Problem description
Please transcribe exactly, and only, the lines of the data below between the line holding "Bygg ditt eget" and the line holding "applicazione termoadesiva raffigurante", inclusive.

---------- Material for this exercise ----------

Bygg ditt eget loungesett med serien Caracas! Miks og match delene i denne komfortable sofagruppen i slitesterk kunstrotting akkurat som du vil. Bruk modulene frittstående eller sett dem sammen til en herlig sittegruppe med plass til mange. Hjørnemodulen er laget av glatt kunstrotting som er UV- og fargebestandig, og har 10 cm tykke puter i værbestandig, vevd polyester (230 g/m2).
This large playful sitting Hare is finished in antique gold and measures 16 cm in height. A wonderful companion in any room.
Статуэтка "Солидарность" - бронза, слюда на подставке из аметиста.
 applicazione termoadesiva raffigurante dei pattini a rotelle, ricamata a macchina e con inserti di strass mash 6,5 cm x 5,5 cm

----------
---------- Material for this exercise ----------

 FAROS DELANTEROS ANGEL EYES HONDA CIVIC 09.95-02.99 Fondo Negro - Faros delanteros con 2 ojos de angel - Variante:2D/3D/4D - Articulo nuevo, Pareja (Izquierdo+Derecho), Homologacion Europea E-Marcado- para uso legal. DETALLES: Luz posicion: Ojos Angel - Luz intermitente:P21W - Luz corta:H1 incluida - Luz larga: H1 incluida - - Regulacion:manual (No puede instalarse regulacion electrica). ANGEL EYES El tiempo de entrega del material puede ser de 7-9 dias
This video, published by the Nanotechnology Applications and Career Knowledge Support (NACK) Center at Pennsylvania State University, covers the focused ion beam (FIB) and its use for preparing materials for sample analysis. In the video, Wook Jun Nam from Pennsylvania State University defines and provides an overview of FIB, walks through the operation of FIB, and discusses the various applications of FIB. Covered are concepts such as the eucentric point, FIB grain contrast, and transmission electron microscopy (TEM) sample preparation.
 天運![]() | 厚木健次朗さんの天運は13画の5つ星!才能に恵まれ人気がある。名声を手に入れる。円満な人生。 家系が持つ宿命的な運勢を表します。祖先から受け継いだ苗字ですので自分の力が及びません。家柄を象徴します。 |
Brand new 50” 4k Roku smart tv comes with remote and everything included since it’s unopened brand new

----------
---------- Material for this exercise ----------

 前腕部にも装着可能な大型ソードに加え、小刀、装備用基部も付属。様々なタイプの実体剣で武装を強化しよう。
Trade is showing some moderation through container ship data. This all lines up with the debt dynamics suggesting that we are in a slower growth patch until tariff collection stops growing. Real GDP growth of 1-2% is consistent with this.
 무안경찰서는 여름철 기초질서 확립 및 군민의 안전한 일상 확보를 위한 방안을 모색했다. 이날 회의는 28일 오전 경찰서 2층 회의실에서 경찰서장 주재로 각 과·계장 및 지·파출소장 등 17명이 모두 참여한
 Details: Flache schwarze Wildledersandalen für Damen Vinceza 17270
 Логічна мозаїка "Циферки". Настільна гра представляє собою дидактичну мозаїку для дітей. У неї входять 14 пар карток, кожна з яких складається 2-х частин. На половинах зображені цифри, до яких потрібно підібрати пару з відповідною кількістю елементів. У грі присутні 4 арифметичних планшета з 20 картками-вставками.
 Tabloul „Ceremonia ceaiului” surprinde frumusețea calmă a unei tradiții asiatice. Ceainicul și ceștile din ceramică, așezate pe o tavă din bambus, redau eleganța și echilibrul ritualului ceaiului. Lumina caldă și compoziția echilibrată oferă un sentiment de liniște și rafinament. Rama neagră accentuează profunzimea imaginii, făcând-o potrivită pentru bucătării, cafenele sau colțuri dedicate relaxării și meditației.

----------

Solution to this task
Bygg ditt eget loungesett med serien Caracas! Miks og match delene i denne komfortable sofagruppen i slitesterk kunstrotting akkurat som du vil. Bruk modulene frittstående eller sett dem sammen til en herlig sittegruppe med plass til mange. Hjørnemodulen er laget av glatt kunstrotting som er UV- og fargebestandig, og har 10 cm tykke puter i værbestandig, vevd polyester (230 g/m2).
This large playful sitting Hare is finished in antique gold and measures 16 cm in height. A wonderful companion in any room.
Статуэтка "Солидарность" - бронза, слюда на подставке из аметиста.
 applicazione termoadesiva raffigurante dei pattini a rotelle, ricamata a macchina e con inserti di strass mash 6,5 cm x 5,5 cm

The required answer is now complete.